I don’t really like pecans, and I’m not much of a chocoholic, but there is something about that Blizzard.
It’s like happiness in a cup. I could so use one right now. ”
My stomach was begging for calories. If I counted from the moment Bear and I left the mining site, I’d been hiking for days and between the hikes I’d been fighting for my life. My body kept healing my wounds, and all that regeneration had to have a caloric cost.
I was starving. Everything ached. If I flexed right now, the meat would be bright red. I had to eat, or I would become someone else’s dinner. I couldn’t afford weakness.
I surrendered to my fate and bit into the thin slice.
No flash of pain.
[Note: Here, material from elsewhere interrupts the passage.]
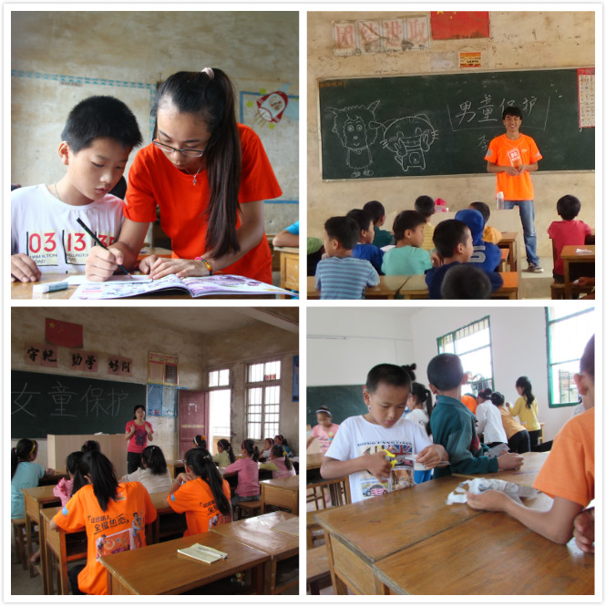 为营造互助互爱的学习氛围,结合高武村小学的实际,志愿者们开展了学习帮扶活动。一是开展了义务支教及文具捐赠活动,经过募捐、学院准备服务队为高武村筹集了共2000多元的文具用品和玩具,包括笔记本、铅笔以及各种简单易懂的漫画册、学习画报、图书600份。二是开展丰富多彩的兴趣课。据了解,当地的师资匮乏,除了基础的语文、数学课,没有任何课外活动拓展。对此,志愿者们开设了各种兴趣课,涵盖手工、英语、舞蹈、绘画、音乐等方面,大学生用自己的学识给这些可爱的大山孩子鼓励、快乐和知识。这些舞蹈老师、绘画老师、音乐老师,每天晚上备课,发挥自己的特长,指导这些小朋友,“我的小老师”“我最喜欢的人”等一幅幅温馨的作品呈现在眼前;每天上课、下课都听到孩子们唱着所教的歌,成就感和幸福感油然而生;下课后,小老师与孩子们一起做游戏。孩子们认真的上课,小老师们认真的备课、改作业,留下“王丽英同学,你的画真棒,伍芳芳姐姐感谢你,给我带来这么多惊喜,谢谢你们!”的评语。三是进行“关爱女童”教育,男生和女生身体有哪些区别?什么地方不许别人摸?据了解,女童自我保护教育普遍较弱,尤其是农村的女童教育。小老师给同学们讲解了女生身体隐秘的部位,提醒大家讲卫生,不能让别人抚摸,如果自己不愿意,熟人也不可以触摸,同时,告诉她们如何去防范,平时要结伴而行,不要轻易相信陌生人,不要独自到黑暗的地方,遇害时留下标记、大声求救,最后,还教了简单的防身术“踢、戳、咬”,此次的教育课,致力于保护女童,远离性侵害。此外,相对还开设了“男童教育”,教育他们保护好自己。
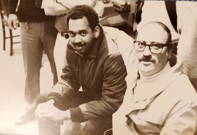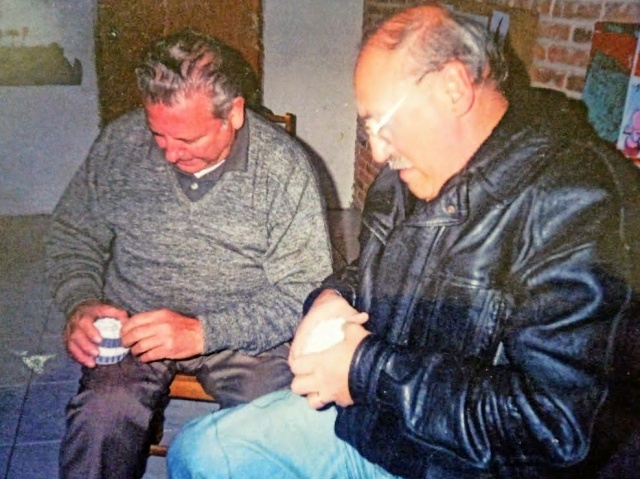 La foto lo muestra con un gesto sereno, acompañado por otra persona que lo recibe o lo reconoce, rodeado de símbolos que hablan de una vida dedicada al oficio: trofeos, diplomas, recuerdos silenciosos que funcionan como testigos mudos de su trayectoria.

No broken glass. It tasted vile and it stank, but it was meat. I was squatting by the river in a breach and eating raw meat. I’d gone completely feral.
I would make it out of this cave, and then I would never think of this again. I would erase this from my memories.
I chewed the meat and tried to think of something else. Luckily for me, I had plenty to ponder.
When we crossed the stone bridge out of that small cave, I sensed something.
It was far in the distance, hidden behind countless cave walls and solid stone, a knot of…
something. I couldn’t quite describe it.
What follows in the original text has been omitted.